Однажды я возвращался с гастролей из Ростова-на-Дону. Вагон «СВ», в котором я ехал, был «штабной», то есть в нем находился начальник поезда. Вернее, начальница. Она и обратилась ко мне с просьбой: «Защитите нашу девочку, нашу проводницу. Сейчас на остановке войдет один „мент“ – парень-милиционер. Он жуткий садюга, сволочь, принуждает ее к сожительству, шантажирует. Он едет один перегон, полчаса. Этого времени ему хватает на скотство. Через него уже многие наши проводницы прошли. Откажешь – статью пришьет, наркотик подкинет, сволочь. Помогите, отвлеките его. Жалко девчонку. Молоденькая еще совсем». – «Попытаюсь», – ответил я.
На следующей остановке действительно вошел молодой, довольно интересный парень в милицейской форме. Узнав меня, попросил автограф на денежной купюре. Подписал. Слово за слово, выясняется, что я любимый артист его матери, что сам он тоже ужасно любит кино, музыку, играет на бас-гитаре в клубном ансамбле. Обожает Высоцкого. И когда я сказал ему, что мы с Высоцким из одного двора, он совсем забыл о девочке-проводнице, все о Владимире Семеновиче твердил, выспрашивал. И вдруг, внезапно переменившись в лице: «А этого я ненавижу, сам бы убил суку! Что он все ноет и ноет?!» – «Кто?» – растерялся я. – «Ну, этот… „Возьмемся за руки, друзья, возьмемся за руки…“ Окуджава, блин!» Мне стало страшно и жаль мальчика-милиционера. Что-то не так, что-то не строило в его душе, не отзывалось на доброту, вызывало агрессию. Оттого, видать, и насильничает проводниц в перегоне за полчаса. Я заговорил его, отвлек, спас девочку. И был потрясен. Оказывается, интонация, струна художника может не только объединять, но и выявлять людей.
Есть в Москве подъезд известный под названьем Черный ход.
В том подъезде, как в поместье, проживает черный кот.

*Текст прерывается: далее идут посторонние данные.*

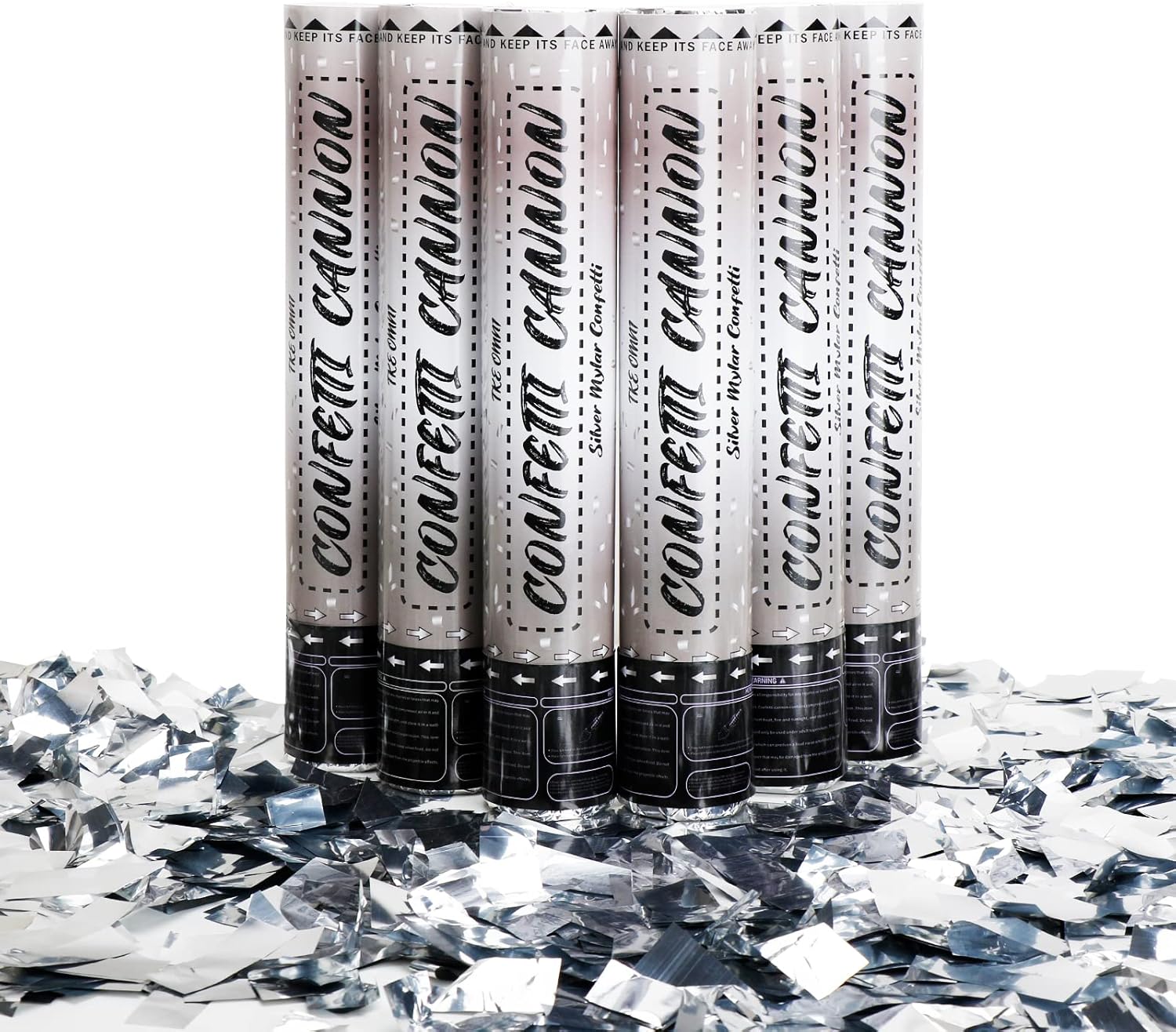 - π Mega-Value Confetti Cannons: We offer you a set of premium confetti poppers at a price that won't break the bank. Each large confetti cannon is 12 x 2 inches (30 x 5cm), filled with exciting confetti made of fireproof and non-fade silver mylar!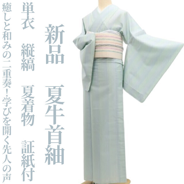 - tomihisa 新品 単衣 縦縞 夏着物 正絹“癒しと和みの二重奏!学びを開く先人の声”証紙付 仕付け糸付 夏牛首紬 5839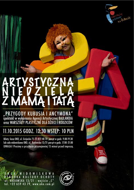 Zapraszamy na niedzielne spotkanie artystyczne dla dzieci i rodziców. Program imprezy podzielony jest na warsztaty plastyczne oraz prezentację teatralną i muzyczną.Tym razem spotkamy się z „Przygodami Kubusia i Ancymona”.To wesoła, dynamiczna i pełna zawadiackich zwrotów akcji bajka, przenosząca dzieci w świat fantazji za sprawą baśniowej muzyki i barwnej scenografii. Dzięki głównym bohaterom dzieci przez cały spektakl w bajkowy sposób poznają skomplikowany świat matematyki, dowiadują się, jak cenna jest nauka i dlaczego warto chodzić do szkoły. Bohaterami są dwaj chłopcy. Kubuś to rezolutny, dzielny, prawdziwy przyjaciel zwalczający wszelkie zło, prymus i miłośnik rozwiązywania pracdomowych. Drugi z nich, Ancymon, to całkowite przeciwieństwo Kubusia – urwis jakich mało, matematyczny żółtodziób i nygus. Mimo tak wielu różnic, łączy ich prawdziwa przyjaźń, która zostanie wystawiona na próbę, gdy na ich drodze pojawi się Czarownica, płatając chłopcom różne figle. Czy Ancymon zostanie zamieniony w żabę? Czy Kubusiowi uda się przechytrzyć Czarownicę? Czy dobro zwycięży? Odpowiedzi znajdziecie oglądając ten magiczny spektakl!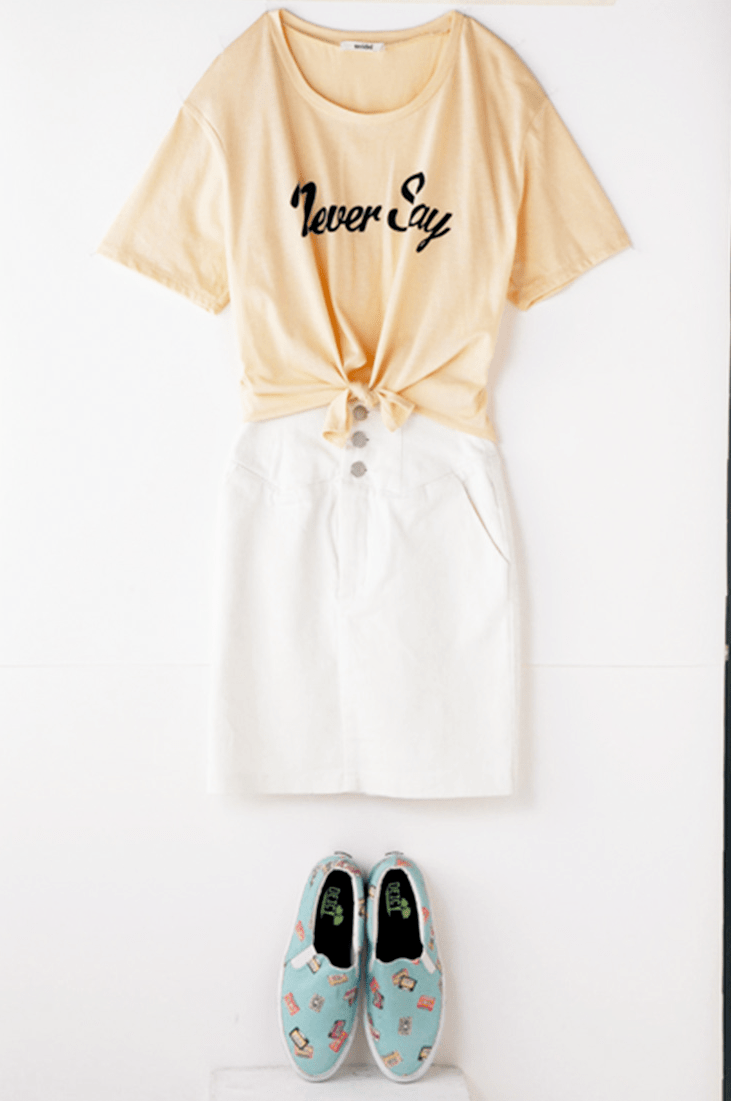 ウエストがキュッと見える裾縛りTだけど、チラッと見えるお腹も恐怖だったり…。そんなあなたはハイウエストのボトムを合わせるべし。出したくないところは隠しつつウエストシェイプ効果も抜群。白デニムのスカートは、厚手で頼もしいものを選ぶとよりグー。Tシャツ¥4,600/スナイデル スカート¥6,900/ミーア ニット帽¥2,500/ボニカスタジオ(スタイルフェスタ) スニーカー¥11,0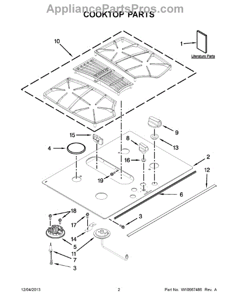 The Knob is an OEM part for Whirlpool cooktops. It is used to control the heat level of the burners on the cooktop, allowing you to adjust the flame or heat intensity for cooking.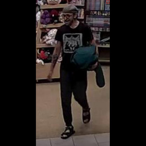 The first theft occurred on October 12, 2025 when a male entered the store and removed or was carrying a green jacket. He went into the pre recorded media area and possibly used that jacket to conceal $212.00 worth of DVD’s. He left on foot without paying for anything ,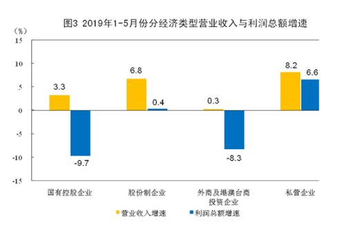 1—5月份,规模以上工业企业中,国有控股企业实现利润总额7342.3亿元,同比下降9.7%;股份制企业实现利润总额16993.1亿元,增长0.4%;外商及港澳台商投资企业实现利润总额5775.8亿元,下降8.3%;私营企业实现利润总额6072.7亿元,增长6.6%。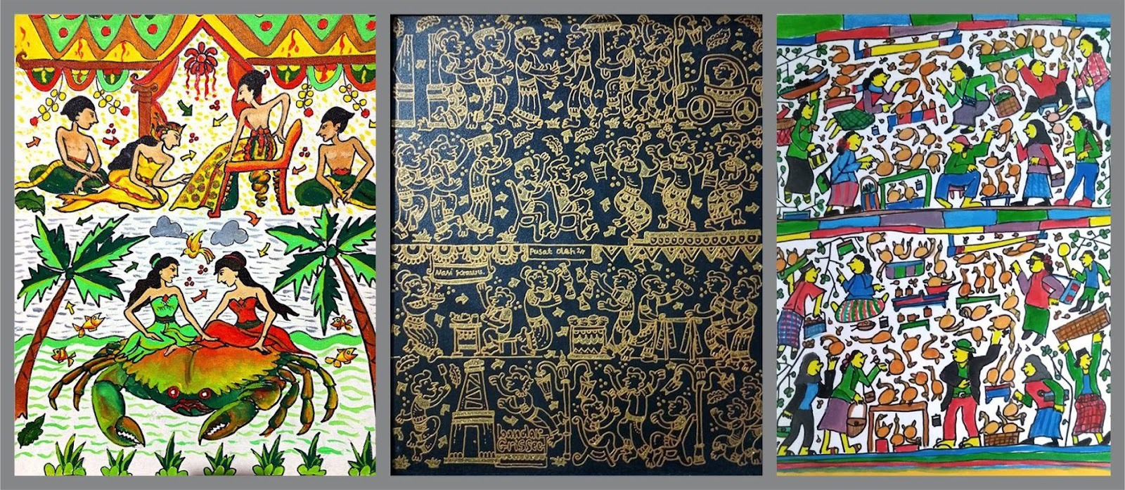 Keterangan: Lukisan Tragedi Yuyu Kangkang (kiri); lukisan Dolan Nak Gresik (tengah); dan lukisan Ikan Ayam (kanan).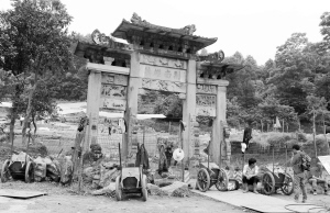 5月20日,工人在湖北省恩施州咸丰县唐崖土司城遗址上对石牌坊进行保护。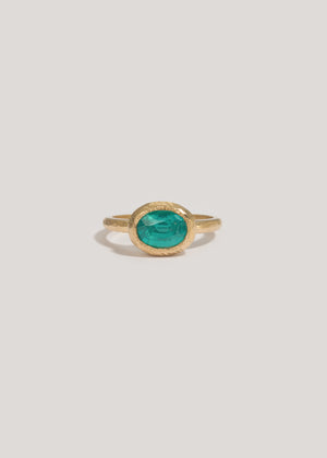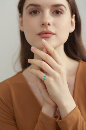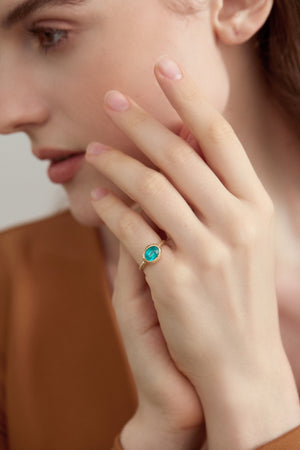 This elegant ring is designed to evoke a timeless, vintage allure, featuring a captivating Paraíba gemstone at its center with a radiant, vivid blue-green hue. The gold band has a subtly textured finish, adding to the piece's antique charm while maintaining a modern edge. Perfect for those who appreciate a blend of classic sophistication and contemporary style, this ring can also be worn as a pinky ring, adding a touch of playful mischief.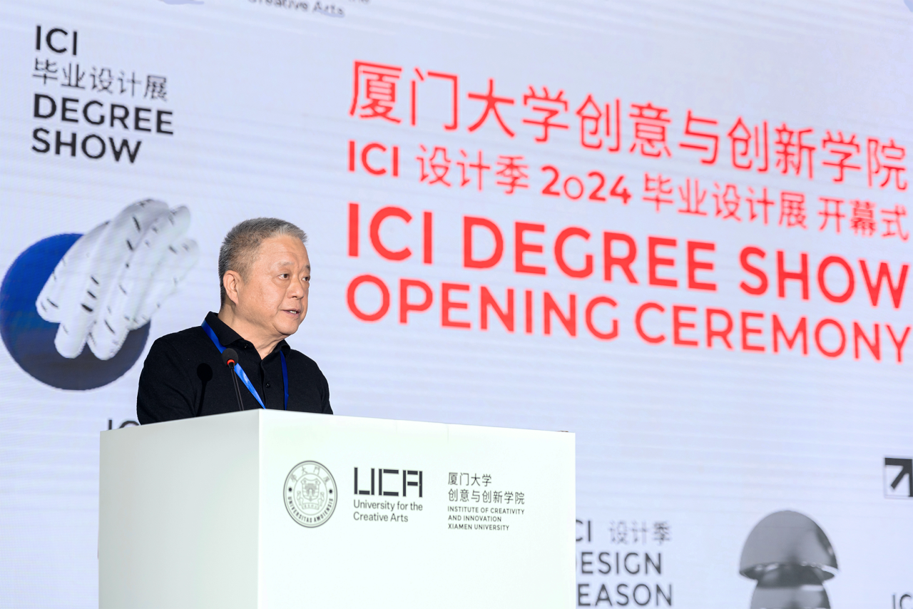 Recently, the 2024 Xiamen University Institute of Creativity and Innovation (ICI) Design Season officially kicked off. On May 19, the opening ceremony of the ICI Degree Show, a highlight of the ICI Design Season 2024, was grandly held at Xiamen Art Museum. The exhibition includes more than 100 Final Major Projects completed by the first cohort of over 100 graduates of the two majors of Visual Communication Design and Environmental Design. The works have demonstrated their exploration and design innovation practice in contemporary creative education in a cross-cultural and interdisciplinary context, showcasing young students' profound reflections on current social issues and innovative solutions.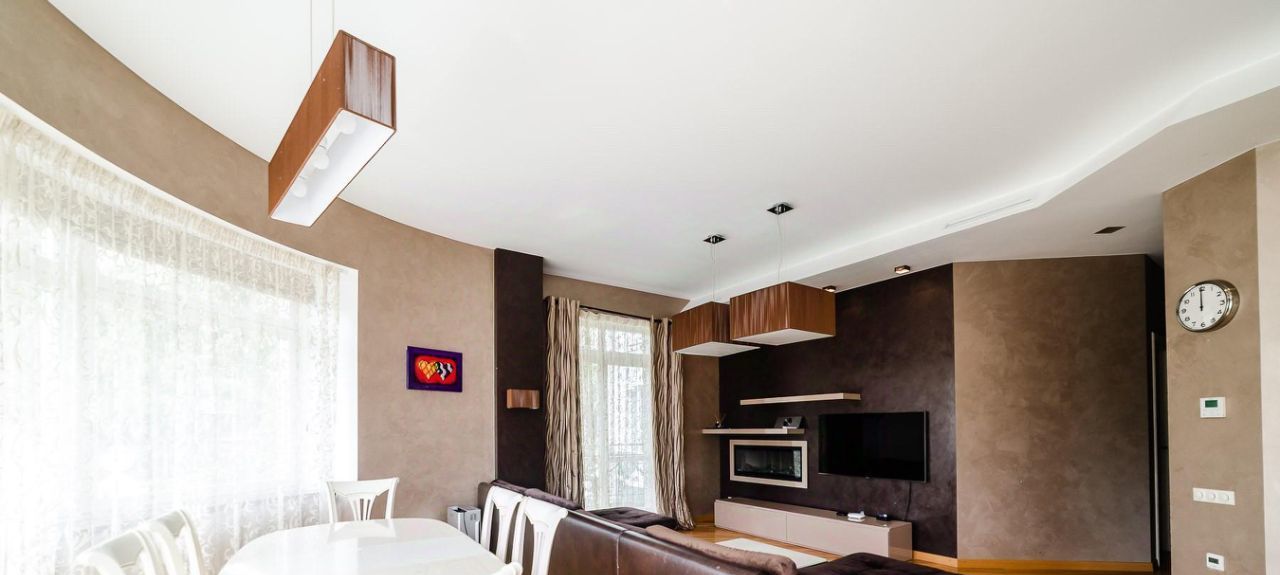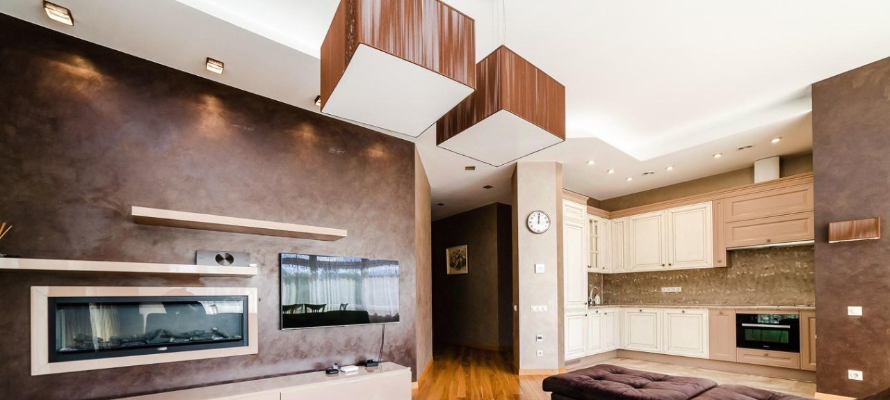 Планировка: просторная кухня столовая гостиная с камином и выходом на балкон, гостевой санузел, вместительная гардеробная с сейфом, мастер спальня с санузлом и выходом на террасу, детская комната, постирочная.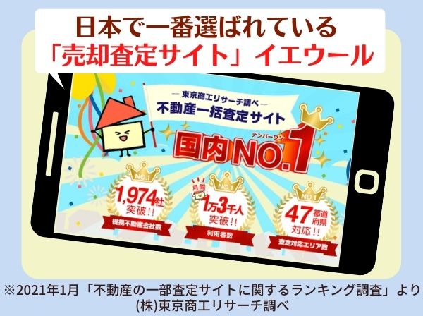 焦って売約し、後悔しないように、 日本で1番、「家を売りたい方に選ばれている売却査定サイト」イエウールで「あなたのうちの相場」を査定してみませんか!?
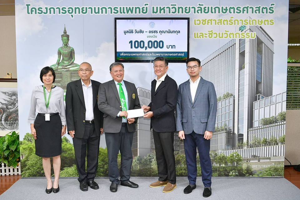 วันที่ 17 ต.ค.68 ดร.ดำรงค์ ศรีพระราม รักษาการแทนอธิการบดีมหาวิทยาลัยเกษตรศาสตร์ รับมอบเงินบริจาค จำนวน 100,000 บาท จาก มูลนิธิ วันชัย-อรชร คุณานันทกุล เพื่อร่วมสมทบการสร้างคณะแพทยศาสตร์และโรงพยาบาลเกษตรศาสตร์ โอกาสนี้ ผศ.ดร.นุชนาถ มั่งคั่ง รองอธิการบดีฝ่ายการเงินและบริหารทรัพย์สิน ร่วมเป็นสักขีพยาน ณ ห้องอธิการบดี อาคารสารนิเทศ 50 ปี มหาวิทยาลัย เกษตรศาสตร์

Он не требует, не просит, желтый глаз его горит.
Каждый сам ему выносит и «спасибо» говорит.
Оттого-то и не весел дом, в котором мы живем,
Надо б лампочку повесить, денег все не соберем…—
пел Окуджава в холодном декорационном зале нашей студии. По лестнице, через зал, в общагу, в свою каморку на третий этаж поднимались влюбленные, счастливые Евгений Урбанский и Дзидра Ритенбергс. Они были молоды и уже знамениты. Вся страна знала, любила его «Коммуниста» и ее «Мальву». В театр Станиславского пришли вместе с ними другие молодые артисты: Евгений Леонов, Юрий Гребенщиков, Майя Менглет, Леонид Сатановский, Ольга Бган. Мы, юные студийцы, гордились ими. И никто еще ничего не знал. Не знал, что Ольга Бган вскоре уйдет из жизни, а Евгений Урбанский погибнет на съемках фильма «Директор». Никто ничего не знал.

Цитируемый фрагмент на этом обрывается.